I got a list of different events with mixed occurrences. For instance the event1 might occur three times, then another event and later on event1 will occur again.
What I need is the intervals for each event and the number of occurrences of that event in those intervals.
values = {
'2017-11-28 11:00': 'event1',
'2017-11-28 11:01': 'event1',
'2017-11-28 11:02': 'event1',
'2017-11-28 11:03': 'event2',
'2017-11-28 11:04': 'event2',
'2017-11-28 11:05': 'event1',
'2017-11-28 11:06': 'event1',
'2017-11-28 11:07': 'event1',
'2017-11-28 11:08': 'event3',
'2017-11-28 11:09': 'event3',
'2017-11-28 11:10': 'event2',
}
import pandas as pd
df = pd.DataFrame.from_dict(values, orient='index').reset_index()
df.columns = ['time', 'event']
df['time'] = df['time'].apply(pd.to_datetime)

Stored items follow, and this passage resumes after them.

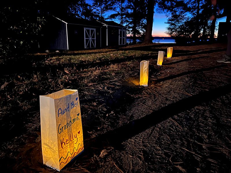 Luminarias with names of deceased family members line a walkway at Mikey's Camp, a part of a program called KIDZ'NGRIEF. The program, which offers support grieving children and teens, is a ministry of Bon Secours Mary Immaculate Hospital in Newport News, Virginia.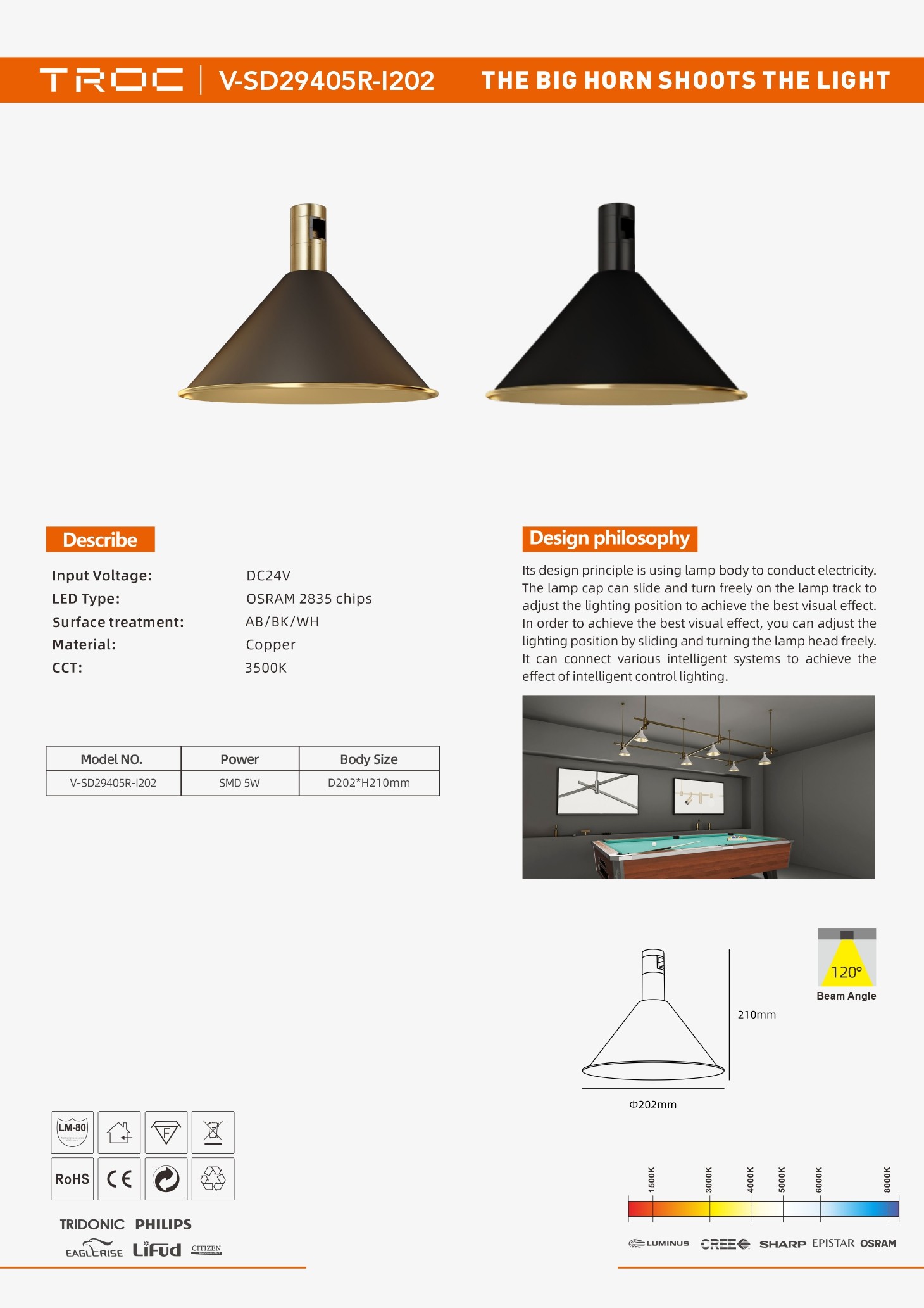 Beam angle: 120°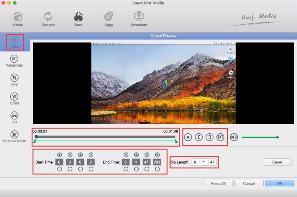 菜单模板设置完成后,您可以点击编辑图标对视频进行修剪、裁剪、添加水印、字幕等编辑,让您的视频更加完美。您可以访问 内部视频编辑器 学习如何编辑视频 Leawo DVD 创作者。

df.set_index('time', inplace=True)
df.sort_index(inplace=True)
df.head()
The expected result is:
occurrences = [
{'start':'2017-11-28 11:00',
'end':'2017-11-28 11:02',
'event':'event1',
'count':3},
{'start':'2017-11-28 11:03',
'end':'2017-11-28 11:04',
'event':'event2',
'count':2},
{'start':'2017-11-28 11:05',
'end':'2017-11-28 11:07',
'event':'event1',
'count':3},
{'start':'2017-11-28 11:08',
'end':'2017-11-28 11:09',
'event':'event3',
'count':2},
{'start':'2017-11-28 11:10',
'end':'2017-11-28 11:10',
'event':'event2',
'count':1},
]
I was thinking to use pd.merge_asof to find the start/end times of the intervals and the use pd.cut (as explained here) for groupby and count. But somehow I'm stuck. Any help is appreciated.